KANSAS CITY, Mo. — Someone shot a driver in the leg on Interstate 435 near Interstate 470 Sunday night in Kansas City — the 13th such shooting at a motorist in the area within a month.
Concerned that the apparently random shootings will continue, Kansas City police urged drivers Monday to be vigilant, asked for help from federal agents and announced plans to strategize and share information among investigators daily.
The latest victim, a 57-year-old Blue Springs man, was driving east on I-435 when he heard two bangs. He thought he had run over something on the highway but then noticed a pain in his leg that he initially thought was a cramp, according to police reports. He reached down, touched his calf and saw blood on his hand. He pulled over and called 911.
Police found three bullet holes in the driver's-side doors of the man's vehicle.
The man is among three victims wounded in the 13 incidents reported since March 8. Another driver was shot in the leg, and one was wounded in the arm.
If the shootings are connected, the rate appears to be escalating.
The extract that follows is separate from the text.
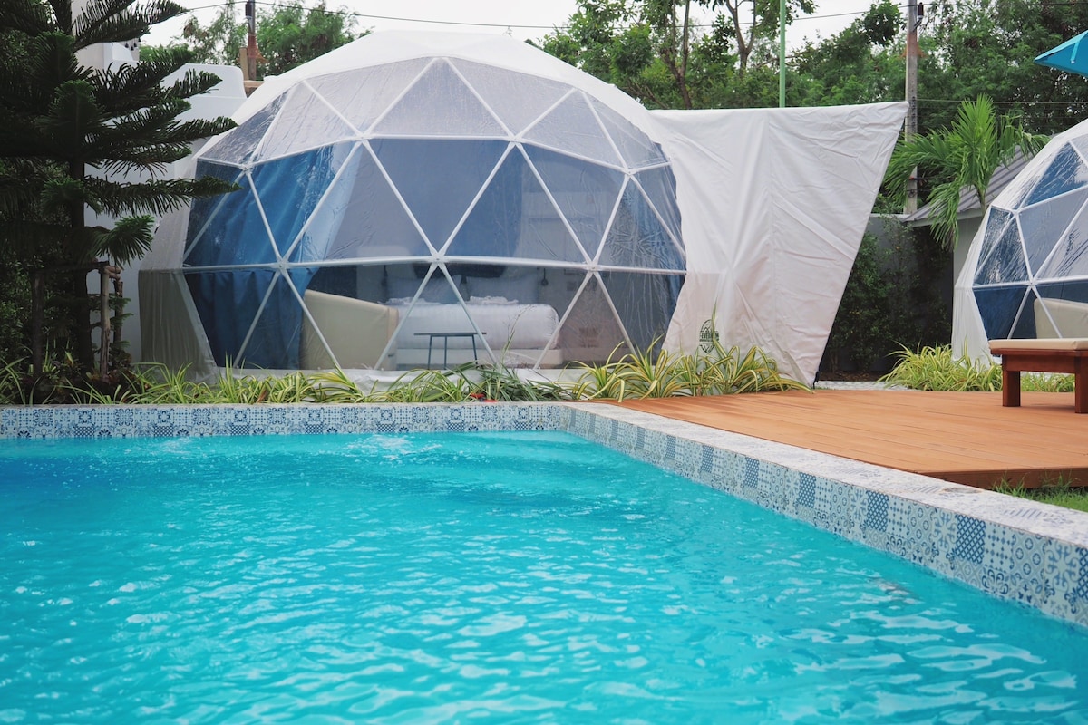 Njut av familjesemester med denna rymliga 2 glampingkupoler ensuite badrum och stor pool i den tropiska trädgården. Kupolen är utformad med detaljer för en lyxig men charmig känsla och utsikt över bergen från poolen. Kupolen är en del av Le Resort & Villas belägen i enklaven Naiharn Beach, fin vit sand och curling surfing vågor. Även om butiker och restauranger ligger bara fem minuters bilresa bort, känns området lugnt och avskilt.

As of Monday, victims had reported at least one shooting each day since Wednesday, including two each on Friday and Saturday.
All the shootings occurred just before highway exit ramps or road splits, with the shooter firing at the last moment before veering off in a different direction from the victim's vehicle.
Ten of the shootings occurred in Kansas City. The other three were in Leawood, Blue Springs and Lee's Summit.
Eleven occurred on highways, most in or near Three Trails Crossing, also known as the Grandview Triangle.
Police think the shooter in most cases used a handgun. Officers recovered spent bullets from at least six vehicles. Most had gotten stuck in door panels, but one victim pulled what appeared to be a 9 mm slug from the gas tank of his vehicle, according to police reports, and detectives obtained another bullet from a victim's arm.
The victim in the Leawood case told police that the driver of a metallic green sedan next to him was wearing a ski mask, glasses and a hood.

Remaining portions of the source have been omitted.